Cover: Temporal Trends in Radical Prostatectomy Complications from 1991-1998

Temporal Trends in Radical Prostatectomy Complications from 1991-1998

Published in: The Journal of Urology, v. 169, no. 4, Apr. 2003, p. 1443-1448

Posted on 2003

by Jim C. Hu, Karen F. Gold, Chris L. Pashos, Shilpa S. Mehta, Mark Litwin

PURPOSE: The authors performed a retrospective, longitudinal, population based study to ascertain whether radical prostatectomy outcomes improved after the diffusion of surgical innovations during the last decade. MATERIALS AND METHODS: Using a 5% national random sample of Medicare beneficiaries they identified 12,079 men who underwent radical prostatectomy from 1991 to 1998. The authors analyzed relevant Medicare data to establish length of stay and the rate of in hospital complications (cardiac, respiratory, vascular, wound and genitourinary conditions) as well as the rate of anastomotic stricture, incontinence and impotence through 36 months after surgery. The authors performed multivariate logistic regression to control for age, race and geographic region when assessing the association of surgery year with outcomes of interest. RESULTS: Between 1991 and 1998 the in hospital complication rate decreased from 38% to 30% and mean length of stay decreased from 8.1 to 5.1 days. Each value had significant regional variation throughout the United States. The 3-year incontinence rate decreased from 20% in 1991 to 4% in 1995. However, no meaningful trends were observed in the rate of impotence, anastomotic stricture, or placement of artificial urinary sphincters or penile prostheses. On multivariate analysis, older age (75 years or older, OR 1.68, p <0.01) and nonwhite race (OR 1.35, p <0.01) were associated with more in hospital complications.

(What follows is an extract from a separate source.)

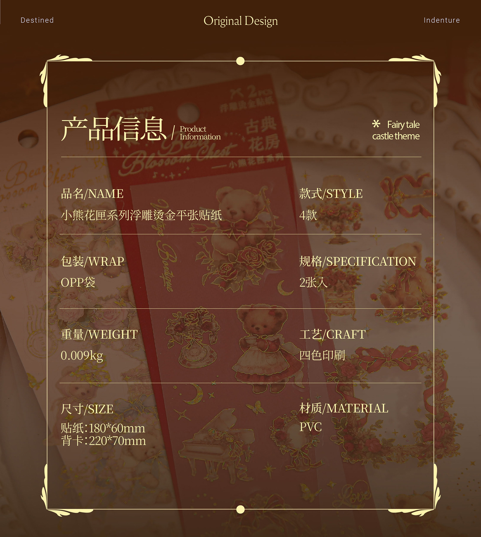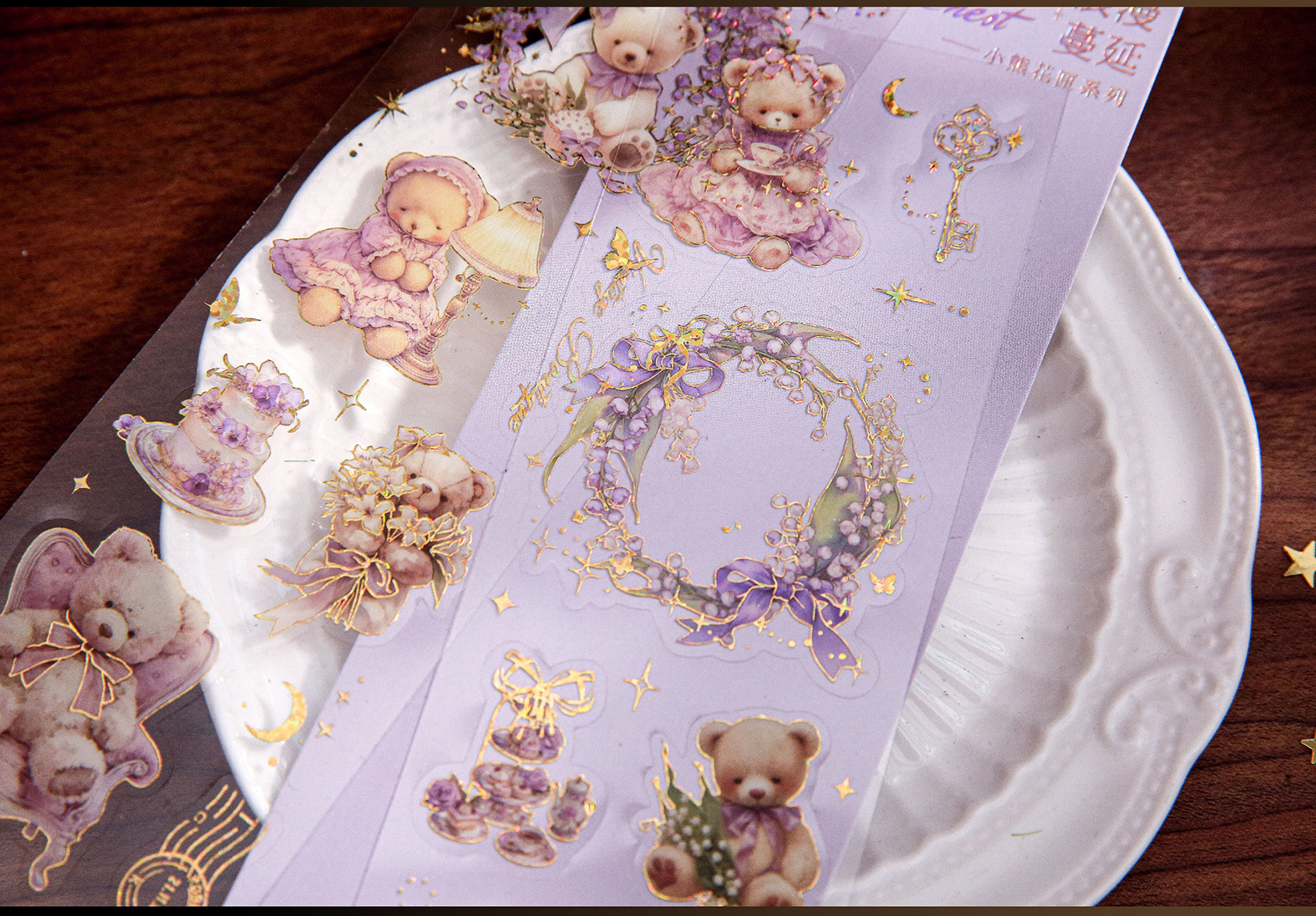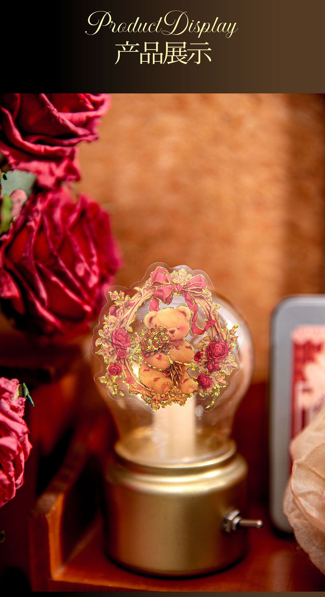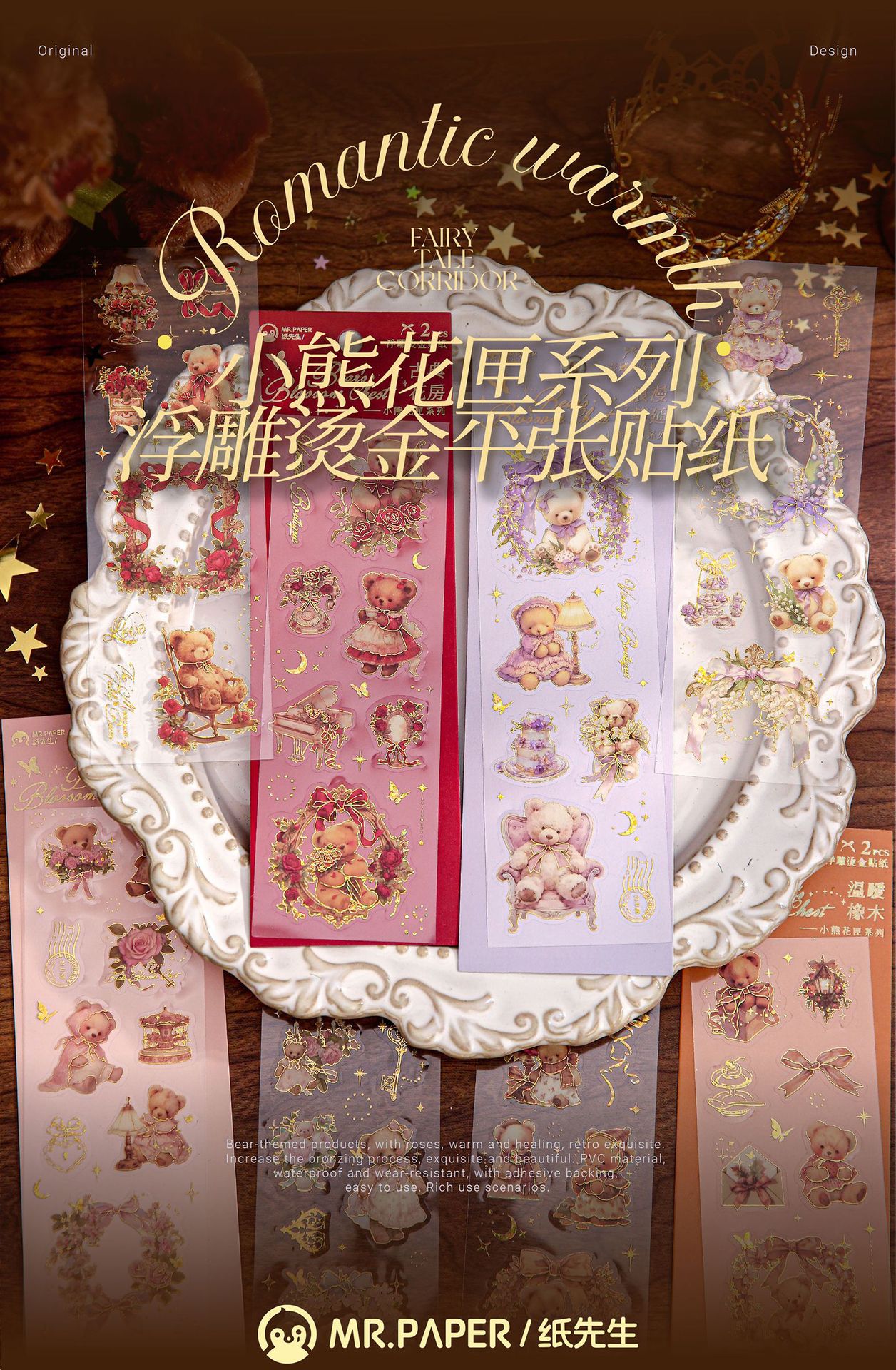 Sr. Paper, estampado en caliente en relieve, pegatina plana, caja de flores de oso, material de cuenta manual, película cortada, decoración de forma especial, pegatina de bricolaje

Nonwhite patients were also more likely to be diagnosed with impotence (OR 1.25, p <0.01) and undergo penile prosthesis placement (OR 1.5, p <0.01). CONCLUSIONS: As urologists reach consensus on the ideal clinical characteristics for radical prostatectomy candidates, surgery in fewer elderly patients and the dissemination of surgical advances have been associated with shorter length of stay, fewer in hospital complications and a lower long-term incontinence rate. However, there is capacity for improvement, as evidenced by the unchanging rate of anastomotic stricture and impotence.